**RECORDED DATA**

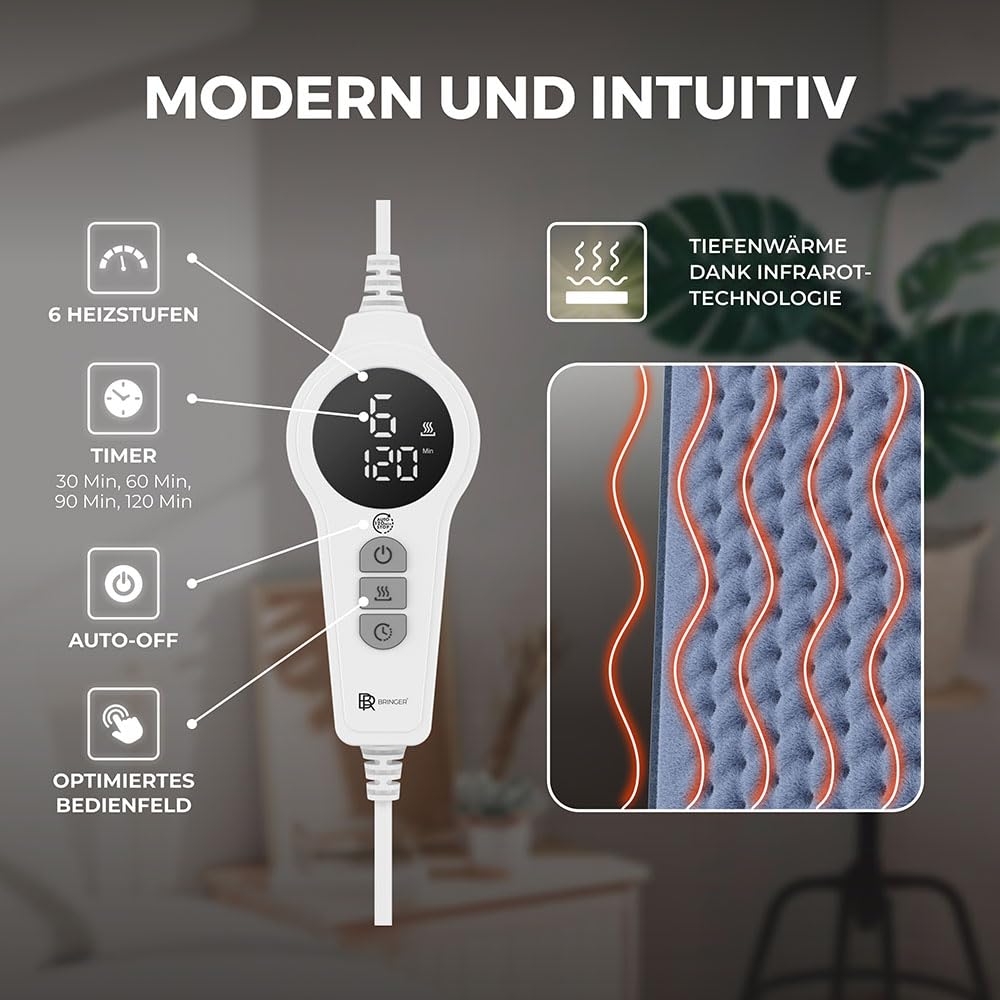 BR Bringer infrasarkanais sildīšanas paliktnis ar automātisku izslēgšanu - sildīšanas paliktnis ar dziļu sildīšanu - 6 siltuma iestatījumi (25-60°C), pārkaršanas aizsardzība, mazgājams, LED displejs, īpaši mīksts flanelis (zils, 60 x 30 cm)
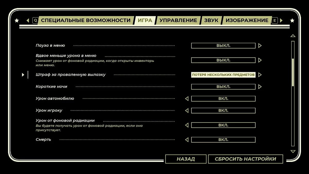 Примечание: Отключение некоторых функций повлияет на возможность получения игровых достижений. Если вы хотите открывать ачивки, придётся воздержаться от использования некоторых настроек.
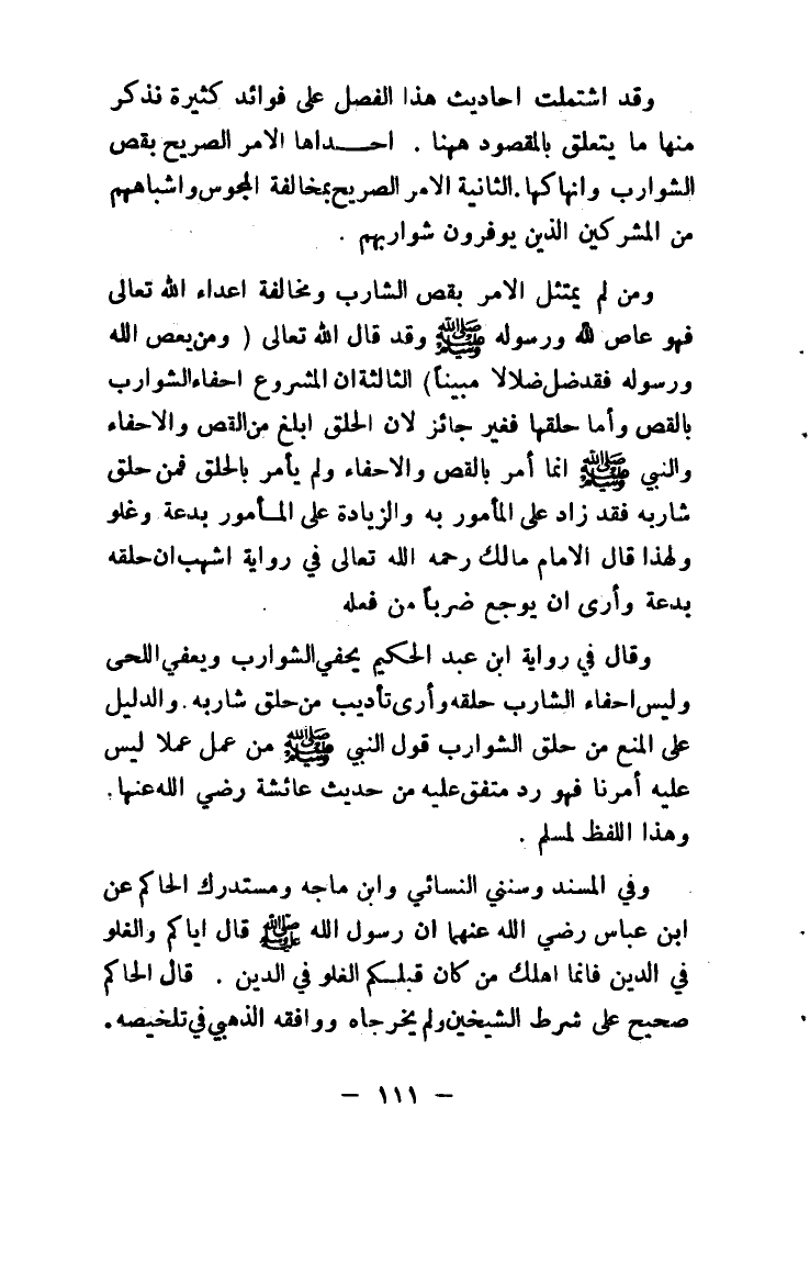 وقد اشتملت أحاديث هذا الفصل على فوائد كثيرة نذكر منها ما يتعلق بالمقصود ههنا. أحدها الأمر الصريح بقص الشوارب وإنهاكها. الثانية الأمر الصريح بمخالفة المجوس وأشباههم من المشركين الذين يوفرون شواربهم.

**TO DO**
Reproduce every line above word for word; no images.

**OUTPUT FOR THIS TASK**
 BR Bringer infrasarkanais sildīšanas paliktnis ar automātisku izslēgšanu - sildīšanas paliktnis ar dziļu sildīšanu - 6 siltuma iestatījumi (25-60°C), pārkaršanas aizsardzība, mazgājams, LED displejs, īpaši mīksts flanelis (zils, 60 x 30 cm)
 Примечание: Отключение некоторых функций повлияет на возможность получения игровых достижений. Если вы хотите открывать ачивки, придётся воздержаться от использования некоторых настроек.
 وقد اشتملت أحاديث هذا الفصل على فوائد كثيرة نذكر منها ما يتعلق بالمقصود ههنا. أحدها الأمر الصريح بقص الشوارب وإنهاكها. الثانية الأمر الصريح بمخالفة المجوس وأشباههم من المشركين الذين يوفرون شواربهم.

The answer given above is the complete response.